ACTIVITY: Lower down are entries containing pictures. Copy exactly, without those pictures, the lines from the line with "表13-12 用于治疗癫痫持" through the line with "Bold coloerd single".

PROVIDED MATERIAL:
------------------------------------

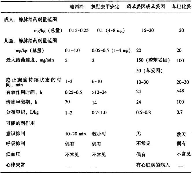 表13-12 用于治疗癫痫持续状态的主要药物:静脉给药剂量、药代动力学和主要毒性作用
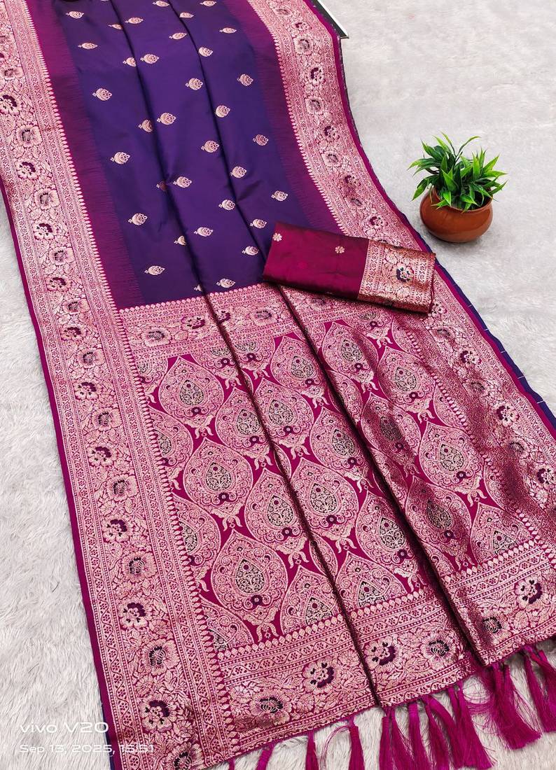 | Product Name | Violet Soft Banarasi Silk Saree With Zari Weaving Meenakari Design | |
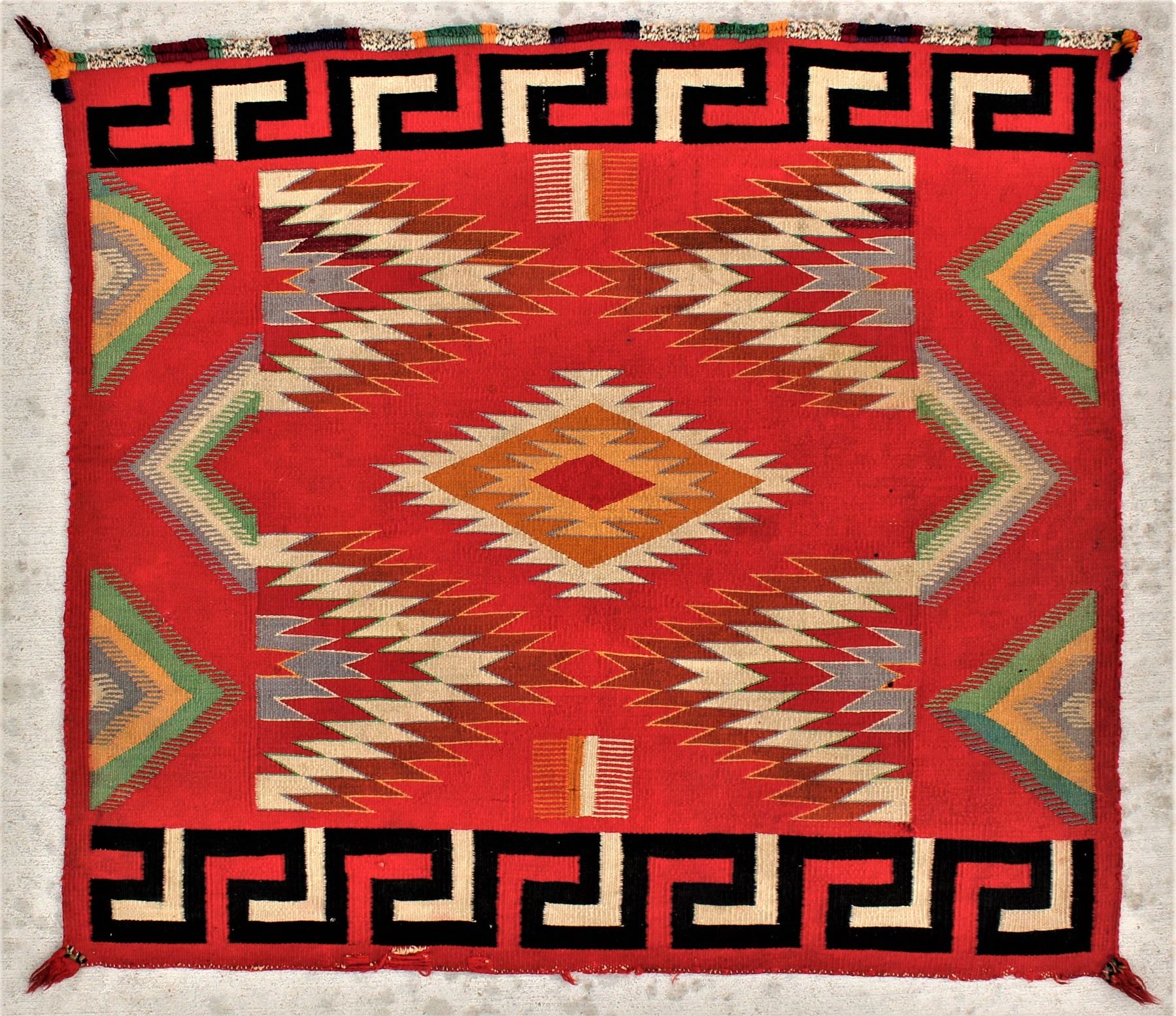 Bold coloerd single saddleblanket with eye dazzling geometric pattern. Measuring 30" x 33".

------------------------------------

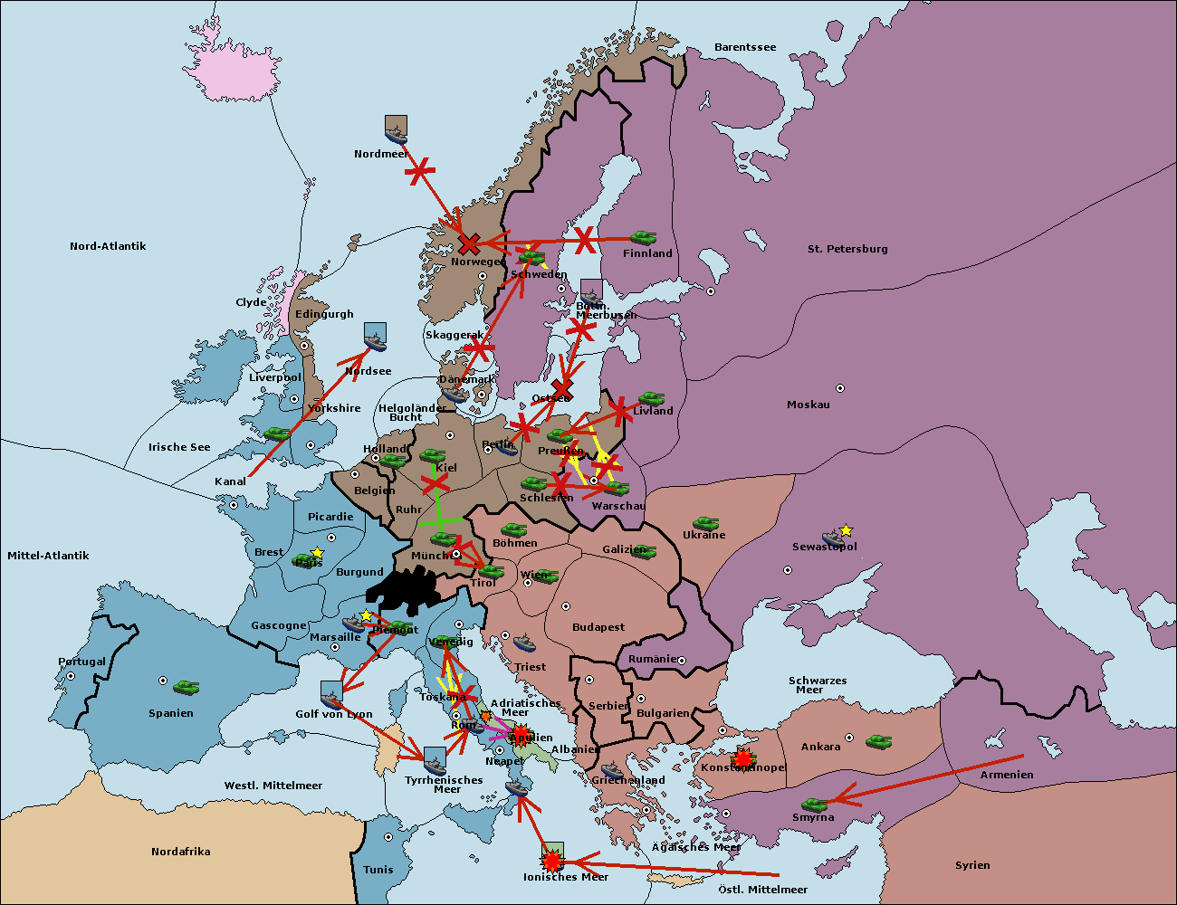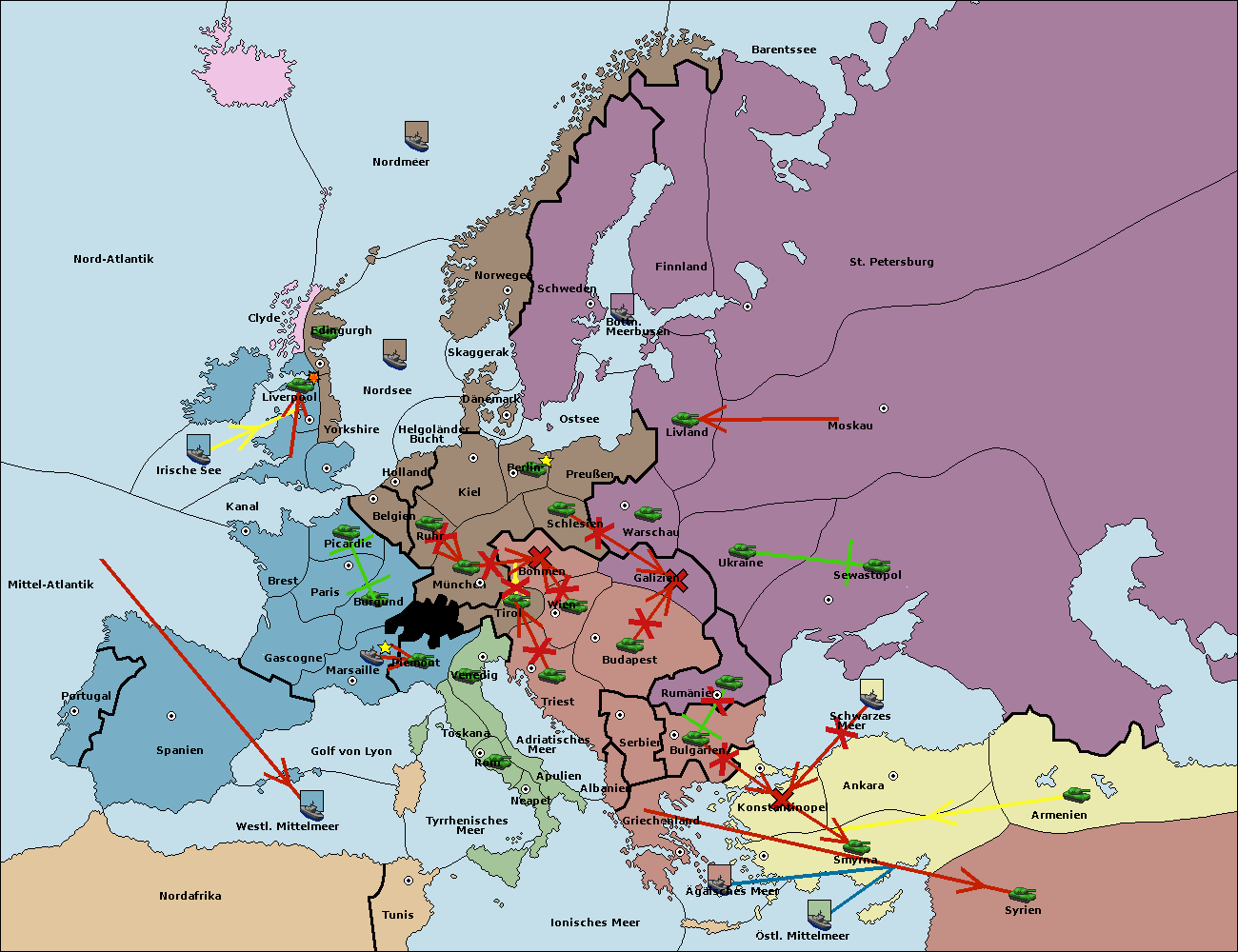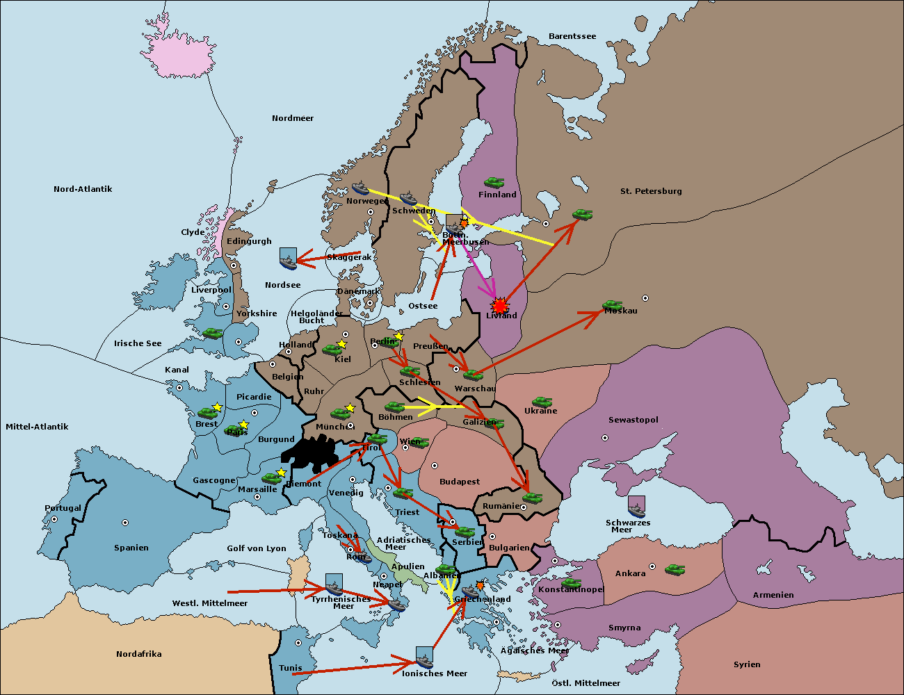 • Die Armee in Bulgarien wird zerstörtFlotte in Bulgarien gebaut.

------------------------------------

EXPECTED OUTPUT:
 表13-12 用于治疗癫痫持续状态的主要药物:静脉给药剂量、药代动力学和主要毒性作用
 | Product Name | Violet Soft Banarasi Silk Saree With Zari Weaving Meenakari Design | |
 Bold coloerd single saddleblanket with eye dazzling geometric pattern. Measuring 30" x 33".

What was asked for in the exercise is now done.